Kehadiran arus pori gating sebagian besar dipelajari dan dipahami dalam saluran
natrium. Banyak percobaan menunjukkan adanya anomali arus pori gating dalam
pengaturan mutasi SCN4A di saluran natrium selama fase istirahat. Anomali arus
gating pore menghasilkan kebocoran kation nonselektif ke dalam yang
menyebabkan depolarisasi menyimpang, yang cukup untuk membuat potensial
istirahat serat otot tidak stabil. Dan ketika kadar kalium serum turun di bawah 3,0
mM, serat yang terkena secara paradoks mengalami depolarisasi berkelanjutan
yang membuat otot tidak dapat dirangsang secara elektrik, sedangkan serat normal
mengalami hiperpolarisasi pada tingkat penurunan kalium serum ini. Biasanya
saluran kalium (Kir) penyearah ke dalam dan membran Na-K-ATPase
mempertahankan potensial membran istirahat negatif yang normal. Dengan
adanya mutasi CACNA1S dan SCN4A,
Ada lebih sedikit studi eksperimental untuk menunjukkan bukti arus pori gating di
saluran kalsium. Tetapi karena ekspresi fenotipik HypoKPP dalam mutasi saluran
natrium dan kalsium serupa, diyakini bahwa arus pori gating memang ada di
saluran kalsium. Meskipun masih belum jelas, ada banyak pengamatan dari studi
eksperimental yang berbeda untuk menjelaskan kemungkinan mekanisme yang
mendasari di balik kelemahan otot dengan defek saluran kalsium yang
mendasarinya:
Dalam studi eksperimental, biopsi otot yang diambil dari tiga pasien
HypoKPP yang mengalami mutasi R528H saluran kalsium (Cav1.1)

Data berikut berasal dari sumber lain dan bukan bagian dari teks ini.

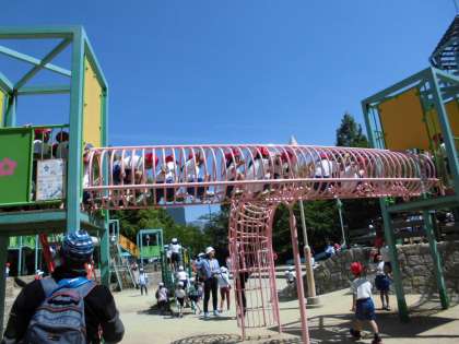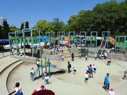 大阪城公園では、はじめに大きな遊具広場で遊びました。近くの公園にはない遊具に、子どもたちは大喜びしていました。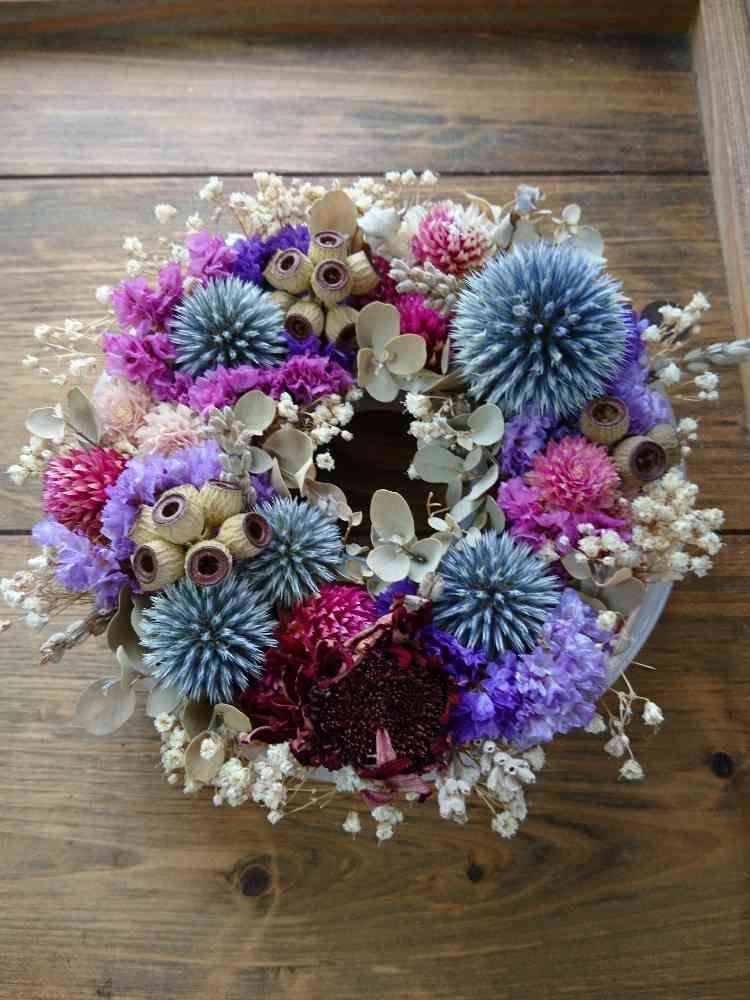 センニチコウは去年のです 色の残ってるのを使いました🎵 後 ルリタマアザミとスターチス❓はスーパーで買ってドライにしました🎵木の実だけ 花屋で買いましたよ(*^^*)ユーカリとかすみそうは友達からの頂き物をドライに(*^^*)

menunjukkan fungsi abnormal saluran K+ (KATP) sensitif ATP
sarkolemmal, didukung oleh fakta bahwa magnesium adenosin difosfat
(MgADP) tidak merangsang saluran. Saluran KATP menunjukkan
pembukaan yang berkurang dan keadaan konduktansi yang berkurang,
yaitu arus K yang berkurang. Arus K yang berkurang lebih mungkin
terkait dengan depolarisasi dengan hipokalemia. Homeostasis Ca2+ yang
berubah akibat mutasi saluran kalsium kemungkinan merupakan alasan di
balik perubahan fungsi saluran KATP. Pengamatan ini mengisyaratkan
adanya kemungkinan saluranopati sekunder pada pasien dengan
HypoKPP.
3. Tatalaksana
Pengobatan Akut
Kalium IV tidak disukai pada awalnya dan dicadangkan untuk aritmia karena
hipokalemia atau jika pasien mengalami kesulitan menelan atau kelumpuhan otot
pernapasan. Kalium IV lebih disukai diberikan dengan manitol, bukan dengan
dekstrosa atau salin karena karbohidrat dan garam itu sendiri dapat memicu
kelumpuhan otot dan dengan demikian dapat memperburuk kelemahan. Terapi
kalium IV memerlukan rawat inap, pemantauan EKG terus menerus. 40 mEq/L
dalam 5% larutan manitol kalium IV diinfuskan dengan kecepatan tidak lebih dari
20 mEq/jam, tidak melebihi 200 mEq dalam 24 jam.
Individu yang memiliki bentuk serangan yang lebih ringan juga dapat mengambil
manfaat dari latihan tingkat rendah.
Perawatan Pencegahan
Meskipun tidak ada terapi definitif untuk miopati onset lambat yang telah terbukti
hingga saat ini, tetapi diyakini bahwa mengurangi serangan kelemahan otot
membantu mengurangi miopati yang dihasilkan.
Sebuah penelitian juga melaporkan peningkatan keparahan dan frekuensi serangan
dengan terapi topiramate pada kembar 11 tahun dengan HypoKPP, sehingga perlu
penelitian lebih lanjut mengenai kemanjuran topiramate di HypoKPP.